━━ Study material ━━

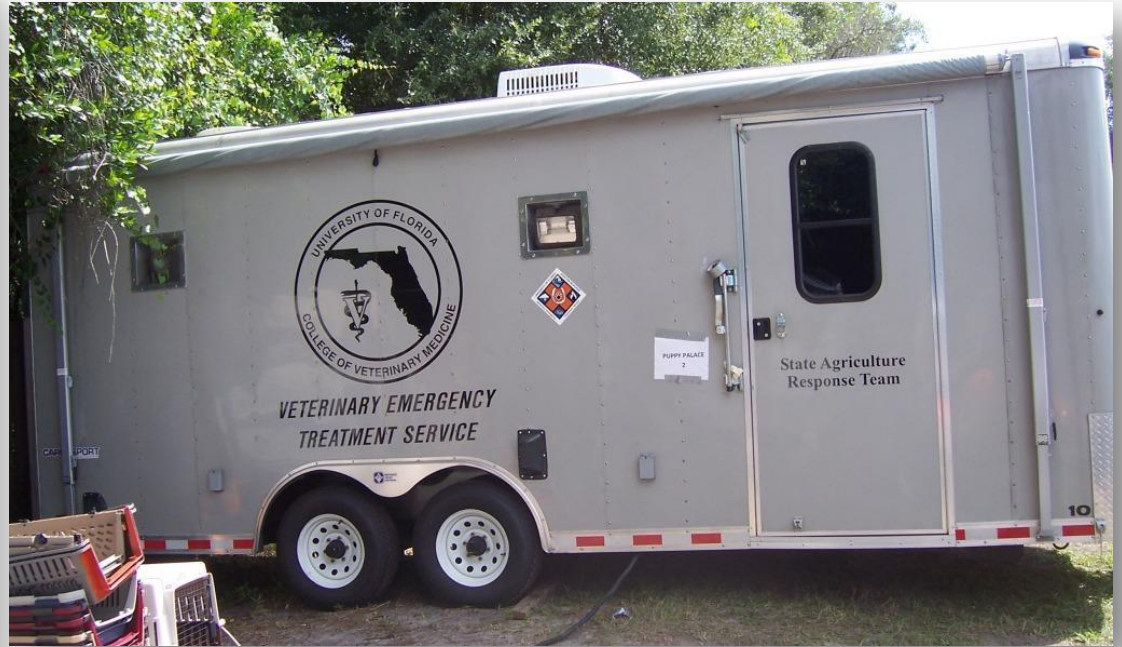
Puppy Palace 2
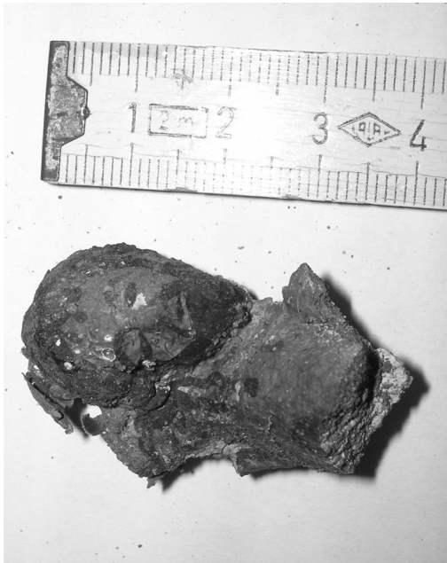
Figure 8. Crucified Christ papier-mache fragment found in the sample from via Spinuzza, Cefalù.
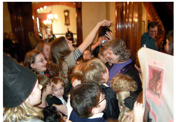
Professor Dazzleswift surrounded by adoring kids at Hogwarts
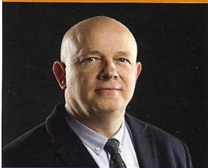
PETR JASEK Imprisoned in Sudan
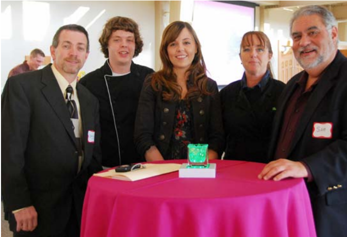
Bella Milano, March 31
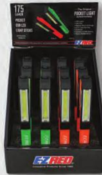
4 PCOB-OR, 4 PCOB-G
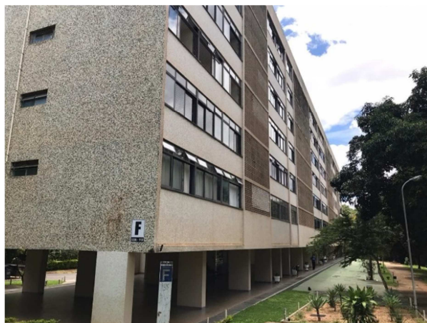
Figure 9. Facade of one of the buildings on the block.
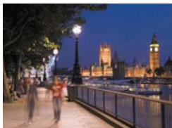
The scheme looks to transform the South Bank
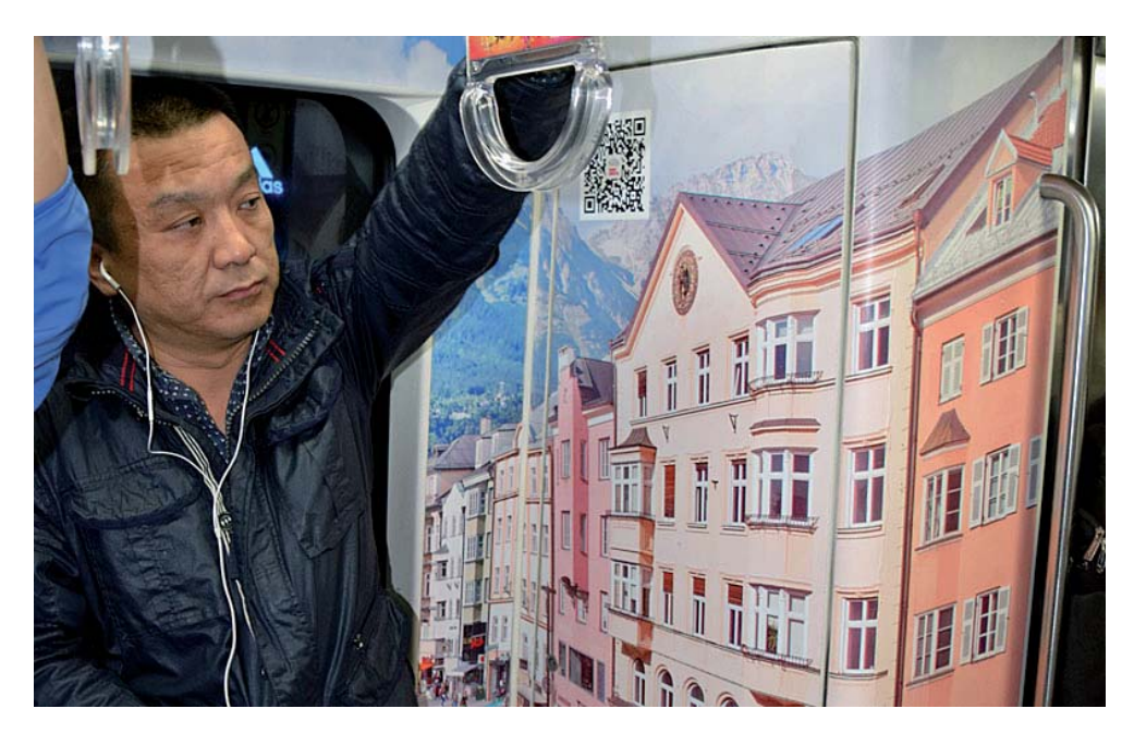
Fig. 4. Österreichisches Museum für Kunst und Industrie, before 1871
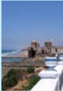
The town of Larache
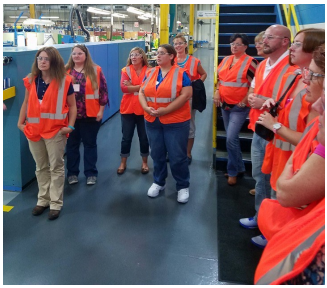
Leadership Montcalm is . . .
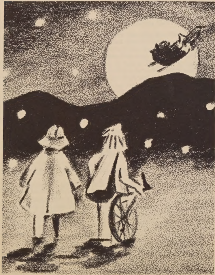
BEAR WITNESS, B.C., TO THE DISCOVERY OF SANTA CLAUS
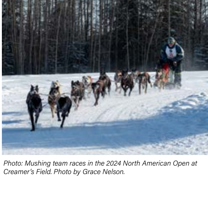
Photo: Mushing team races in the 2024 North American Open at Creamer's Field.
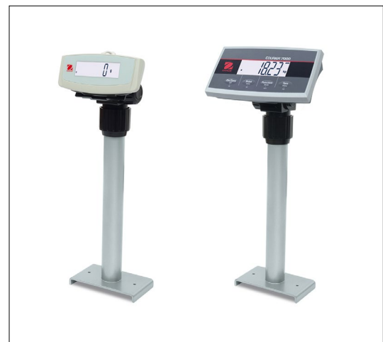
Optional Remote Display on column mount and Column Mount for scale indicator available
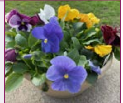
One of our beautiful pansy bowls on sale now!

Come choose a lovely multi-colored pansy bowl for your patio or for someone special. Mother's Day is this Sunday the 9th! They are hardy and will hold up well in the cool days/nights of May in Wisconsin!
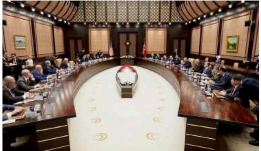
Donald Trump and American officials meet with Recep Tayyip Erdogan and Turkish officials in Ankara on Tuesday.

ed with NATO,” Mr. Trump said, sitting next to Mr. Erdogan at the latter’s vast presidential palace.
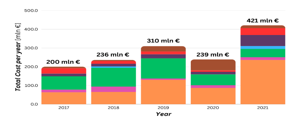
Figure 1: Public investment in energy research based on committed subsidy, in current prices.
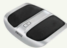
Homedics Foot Massager
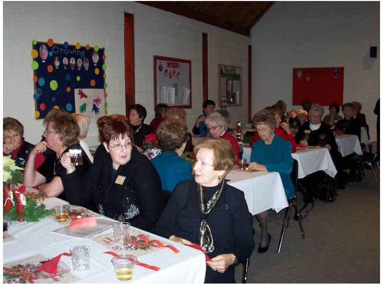
“THE HAT” GETS PASSED AGAIN!
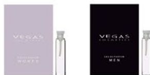
SAMPLE | 2ML | CODE 9051 WOMAN MAN
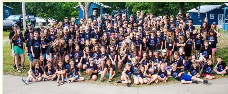
This year's theme verse was Luke 10:18-19 “And he said to them, “I saw Satan fall like lightning from heaven. Behold, I have given you authority to tread on serpents and scorpions, and over all the power of the enemy, and nothing shall hurt you.” LEFT: Spark Kids Camp (grades 3—6) RIGHT: Ignite Youth (grades 7—10)

Thank you, churches, for sending your kids! If your church has kids but hasn't sent them to camp, just know: God is blessing Tri-County's camps and we'd love to see your kids with us on “the Hill” next year! If you're an adult and are interested in being part of “the cheapest mission trip you'll ever go on,” come join us—we need you! Camp dates for next year are June 3-6, 2024.
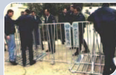
Approved and selected by the Israeli Police
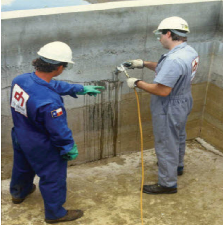
Figure 8. Flushing crack with water.

Note: Injection pressure will vary from 200 psi to 2500 psi depending on the width of the crack, thickness of concrete and condition of concrete.
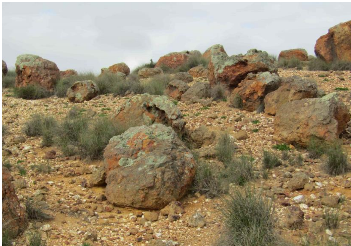
Figure 7. Ferruginised silcrete boulders.
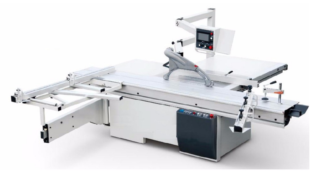
TS-P3200PL 10' Sliding Table Panel Saw (Program Position)
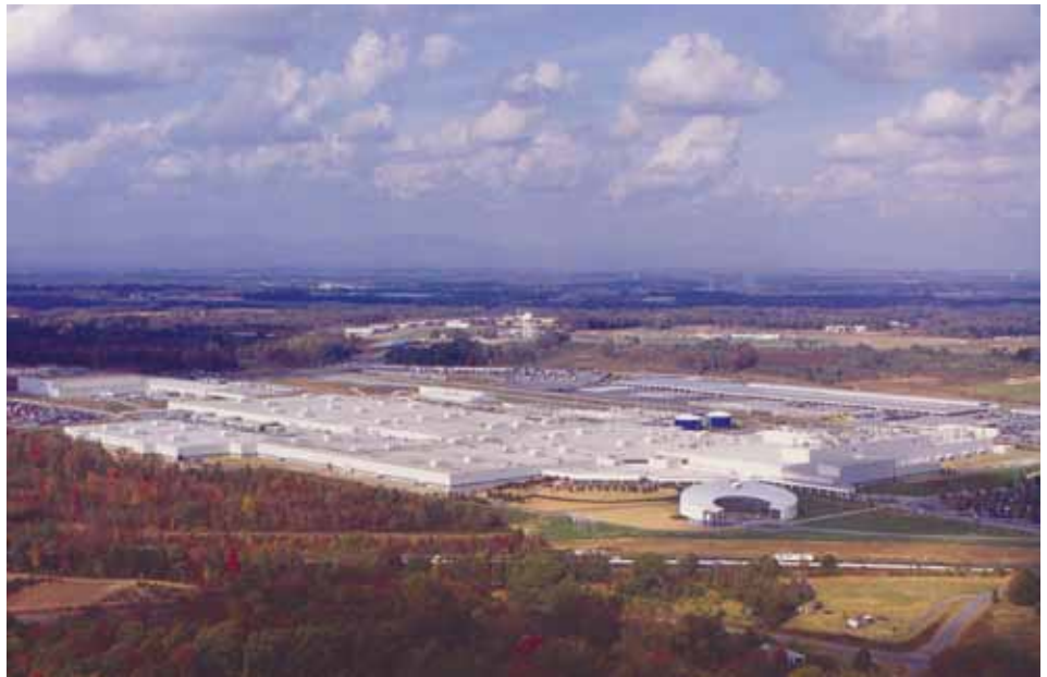
The sprawling Spartanburg plant in South Carolina has been a huge success for BMW. The crescent-shaped building in the foreground is the Zentrum, the American branch of the BMW Museum.
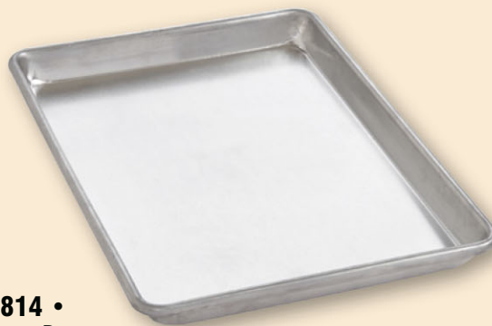
31814 • Quarter Pan AL, 9 1/2" x 13"
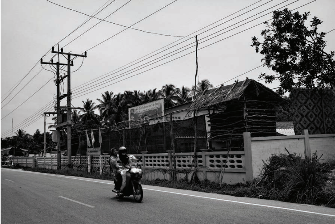
Figure 3: Paramilitary Rangers have built two watchtowers to fortify the base they established in November 2007 within the grounds of Ban Paka Cinoa Elementary School Pattani.

In two cases investigated by Human Rights Watch, security procedures the government forces introduced at the school limited civilian access to the school, including preventing parents from entering the school compound. 157
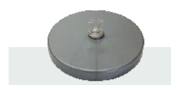
CQG Round disk base with joiner.
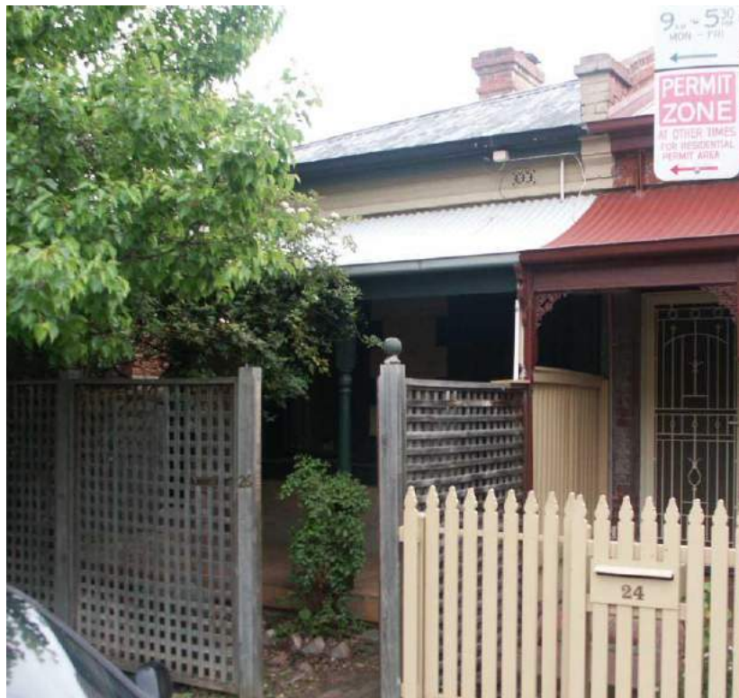
Attached cottage, 26 Delhi Street — View to northwest
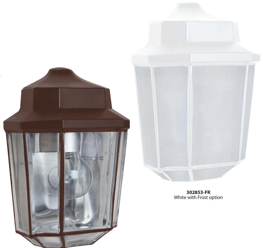
302853-FR White with Frost option

May be used in Interior or Exterior applications.
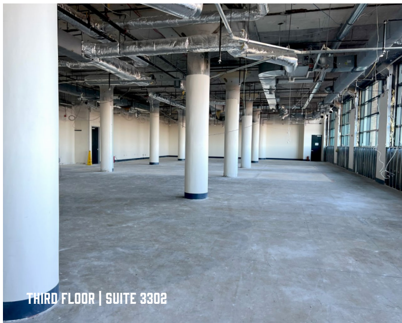
THIRD FLOOR | SUITE 3302
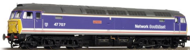
Brand new NSE Bachmann Class 47, 47 707 (31-654)

› A REAL ALE BAR and hot and cold refreshments will be available.
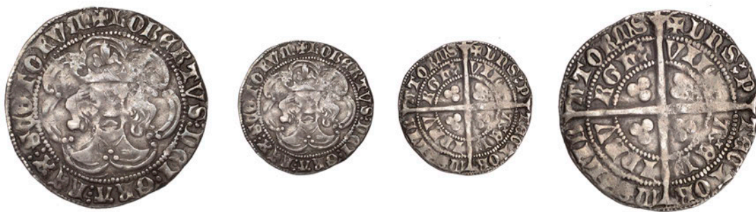
354 Heavy coinage, Groat, Edinburgh, first issue, mm. cross pattée, tall bust in tressure of seven arcs, pellets at cusps, triple pellet stops on obv. , double saltire stops on rev. , 2.83g/8h (SCBI 35, 533ff; B 4, fig. 344; S 5164). Nearly very fine, toned £300-£400
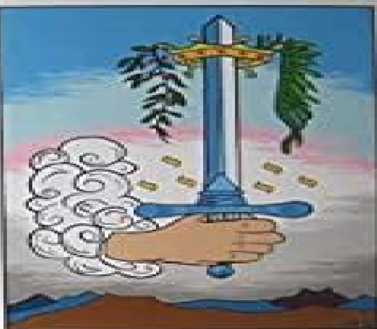
ACE OF SWORDS
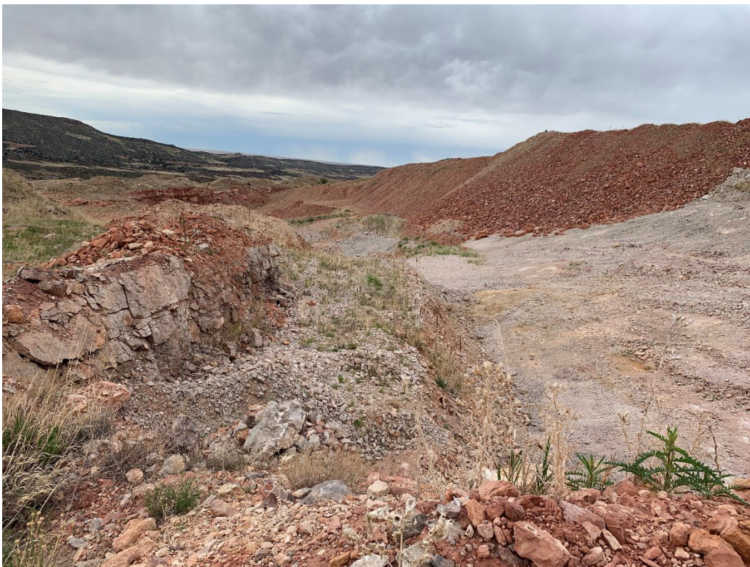
Photo 4 – North pit area facing east, highwall on left contains runoff.
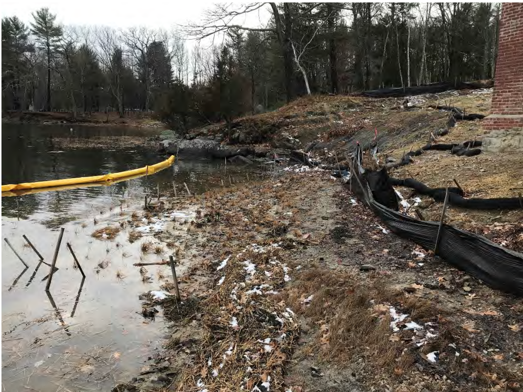
Fig 4: Toe of the slope and salt marsh restoration at the Eversource property/west side of the bay. Viewing south. (01-02-21)
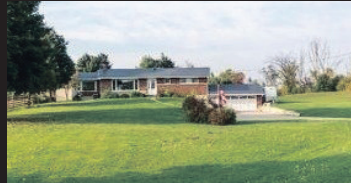
6480 Highway 7, Halton Hills Sunday January 25, 2:00-4:00 $649,900 Andelka Pejic* W3036104
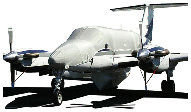
King Air Canopy/Nose Cover
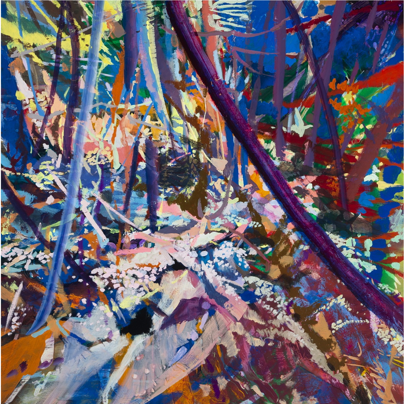
Arden Browning walking with my eyes, 2022 acrylic gouache on wood panel 24h x 24w in
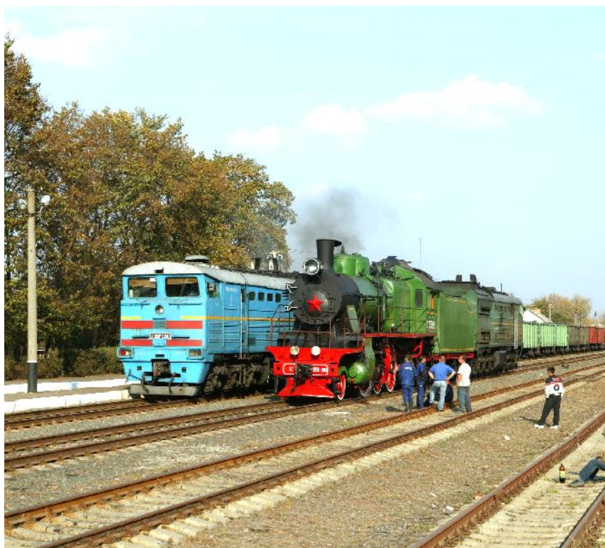
Cy 251- 86, on trial after restoration in 2011, is passed by a mainline freight train.

Also in 2014 the shunting diesel locomotive TGM3A 1129 was acquired, and four narrow-gauge wagons from Kirovograd oblast.
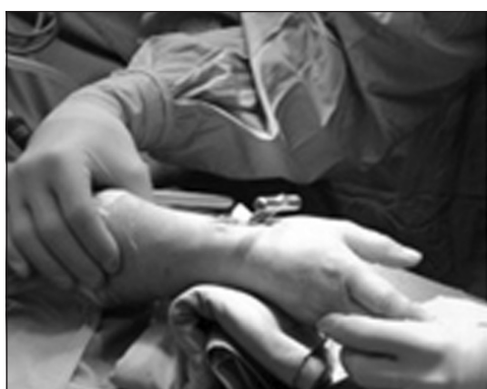
Fig. 3. Stepwise widening of the intramedullary canal
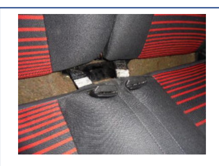
Pull the belts through there slots and the base is now free to come out of the car.
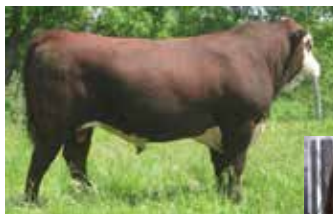
Yuma 24Z Service Sire to Lot 23

Remitall Route 66 ET 346R RSK 346R Miss Kim ET 14X Remitall Kim 10L
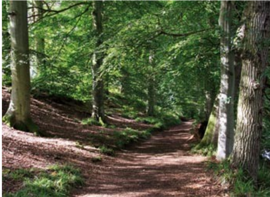
The tree-lined path beside the River Eden on the edge of Armathwaite.
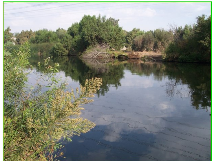
San Gabriel River, Los Angeles County

T HE CALIFORNIA ENVIRONMENTAL DATA EXCHANGE NETWORK (CEDEN) provides a central location to find and share information about California's water bodies, including streams, lakes, rivers, and the coastal ocean. Many groups in California monitor water quality, aquatic habitat, and wildlife health to ensure good stewardship of our ecological resources. CEDEN aggregates these data and makes them accessible to environmental managers and the public.
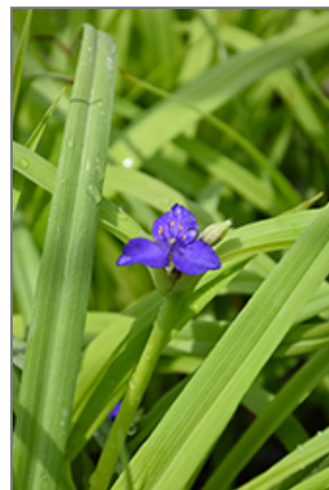
Charlotte's Web Spiderwort flowers

This is a relatively low maintenance plant, and is best cleaned up in early spring before it resumes active growth for the season. It is a good choice for attracting butterflies to your yard, but is not particularly attractive to deer who tend to leave it alone in favor of tastier treats. It has no significant negative characteristics.
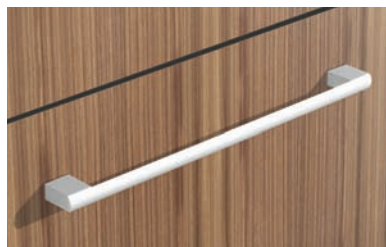
Aluminum bar pull - Silver finish
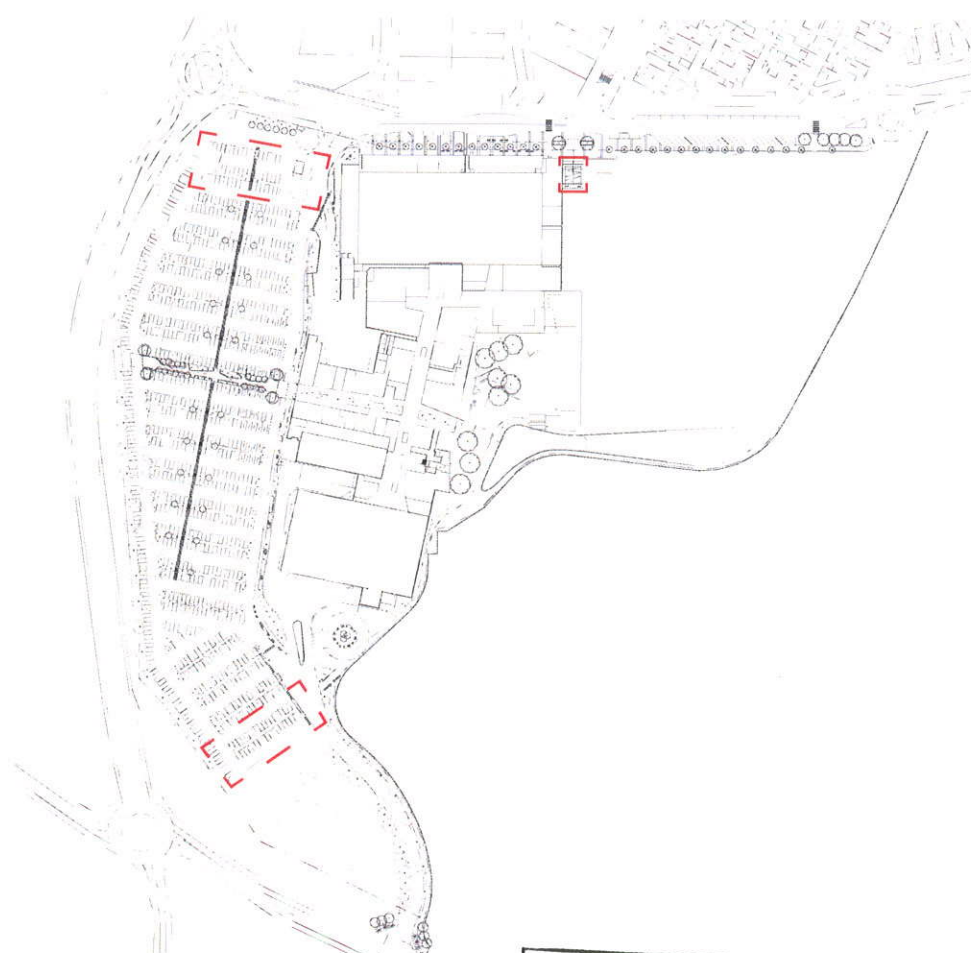
STAGE 1B PLAN

━━━

Using the data above, set down each line from the line with "Arden Browning walking" to the line with "Charlotte's Web Spiderwort flowers" exactly, both ends included, and leave the pictures behind. Nothing else belongs.

Arden Browning walking with my eyes, 2022 acrylic gouache on wood panel 24h x 24w in
Cy 251- 86, on trial after restoration in 2011, is passed by a mainline freight train.

Also in 2014 the shunting diesel locomotive TGM3A 1129 was acquired, and four narrow-gauge wagons from Kirovograd oblast.
Fig. 3. Stepwise widening of the intramedullary canal
Pull the belts through there slots and the base is now free to come out of the car.
Yuma 24Z Service Sire to Lot 23

Remitall Route 66 ET 346R RSK 346R Miss Kim ET 14X Remitall Kim 10L
The tree-lined path beside the River Eden on the edge of Armathwaite.
San Gabriel River, Los Angeles County

T HE CALIFORNIA ENVIRONMENTAL DATA EXCHANGE NETWORK (CEDEN) provides a central location to find and share information about California's water bodies, including streams, lakes, rivers, and the coastal ocean. Many groups in California monitor water quality, aquatic habitat, and wildlife health to ensure good stewardship of our ecological resources. CEDEN aggregates these data and makes them accessible to environmental managers and the public.
Charlotte's Web Spiderwort flowers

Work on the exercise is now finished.